Question

A compound microscope has a magnifying power of $100$when the image is formed at infinity. The objective has a focal length of $0.5cm$and the tube length is $6.5cm$. Find the focal length of the eyepiece

Answer 1

Step 1: Given data

Magnifying power, $m=100$
Focal length of the objective,$f_0=0.5cm$
Tube length,$l=6.5cm$

Step 2: Formula used

$m=\frac{v_0}{u_0}\times \frac{D}{f_e}$

Where, $m$ is magnifying power, $u_0$ is the distance of the object from the lens, $v_0$ is the distance of the image from the lens, $D$ is the distance of distinct vision and $f_e$ is focal length of the eyepiece

Step 3: Find the focal length of the eyepiece.

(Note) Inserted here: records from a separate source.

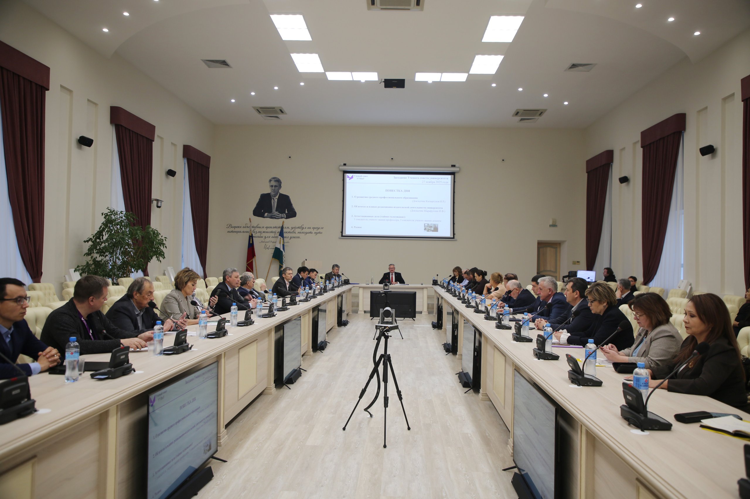 В Уфимском университете науки и технологий состоялось заседание Ученого совета. По традиции оно прошло в зале имени Р.Р.Мавлютова под председательством ректора Вадима Захарова.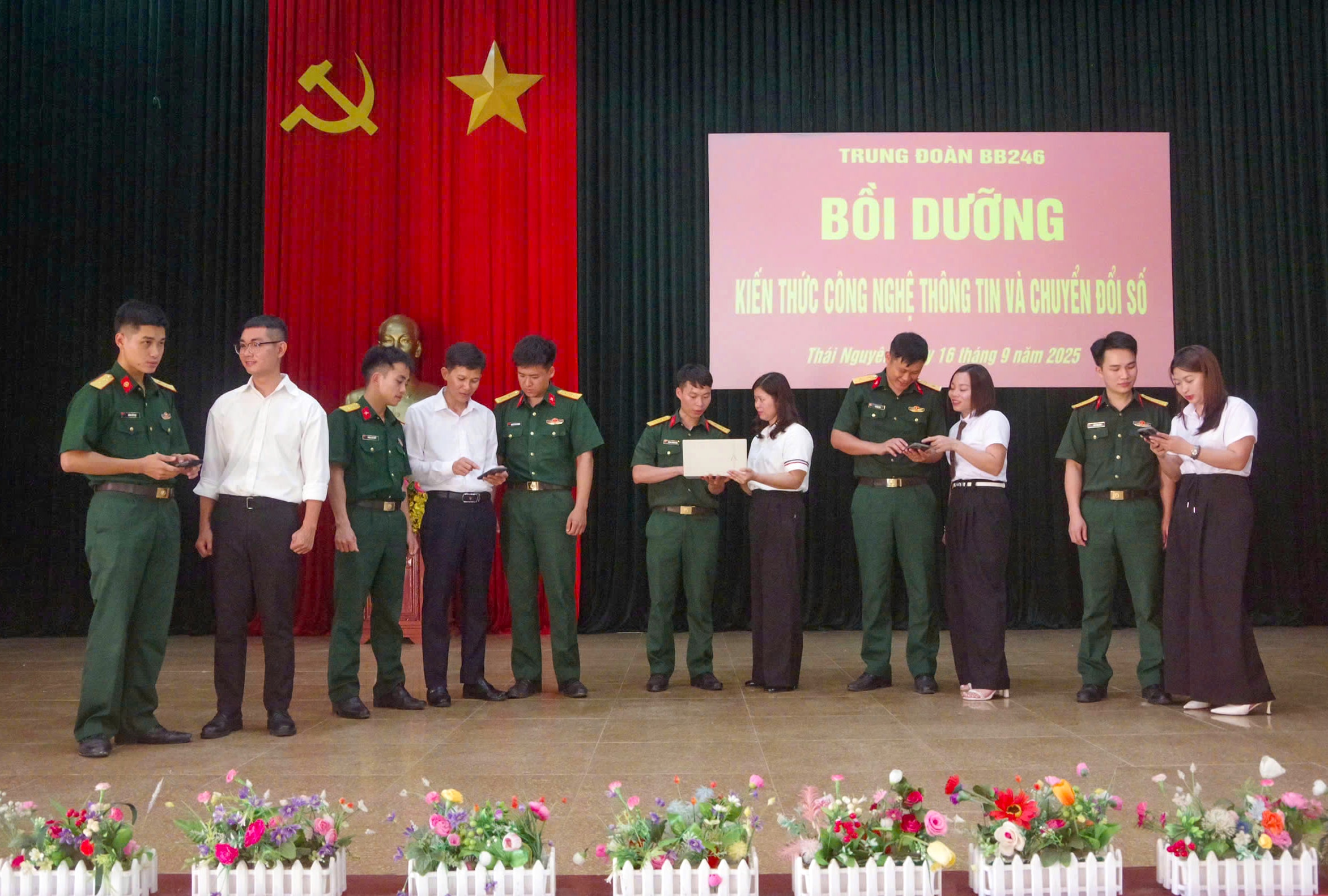 Trung đoàn 246, Sư đoàn 346, Quân khu 1 phối hợp cùng Trường phổ thông trung học Tức Tranh (Phú Lương, Thái Nguyên) tổ chức lớp bồi dưỡng kiến thức công nghệ thông tin và chuyển đổi số cho cán bộ, chiến sĩ đơn vị.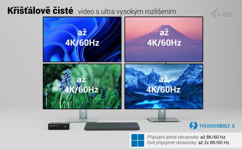 K notebookom s Thunderbolt 5 a Windows je možné pripojiť až štyri (v tomto prípade MUST byť zatvorené veko notebooku), k notebookom Apple s macOS potom maximálne dva monitory.

Since the image is formed at infinity, the real image produced by the objective lens should lie on the focus of the eyepiece.
$\therefore v_0+f_e=6.5cm...\left(i\right)$

The magnifying power for normal adjustment is given by

$m=\frac{v_0}{u_0}\times \frac{D}{f_e}$

$$\begin{gathered} \Rightarrow m=-\left[1-\frac{v_0}{f_0}\right]\times \frac{D}{f_e}\left[\because \frac{v_0}{u_0}=-\left[1-\frac{v_0}{f_0}\right]\right] \\ \Rightarrow 100=-\left[1-\frac{v_0}{0.5}\right]\times \frac{25}{f_e}\left[\mathrm{Taking}D=25\right] \\ \Rightarrow 2v_0-4f_e=1...\left(ii\right) \end{gathered}$$
On solving above equations $\left(i\right)$ and $\left(ii\right)$,we get
$v_0=4.5cm$ and $f_e=2cm$

​Hence, the focal length of the eyepiece is $2cm$.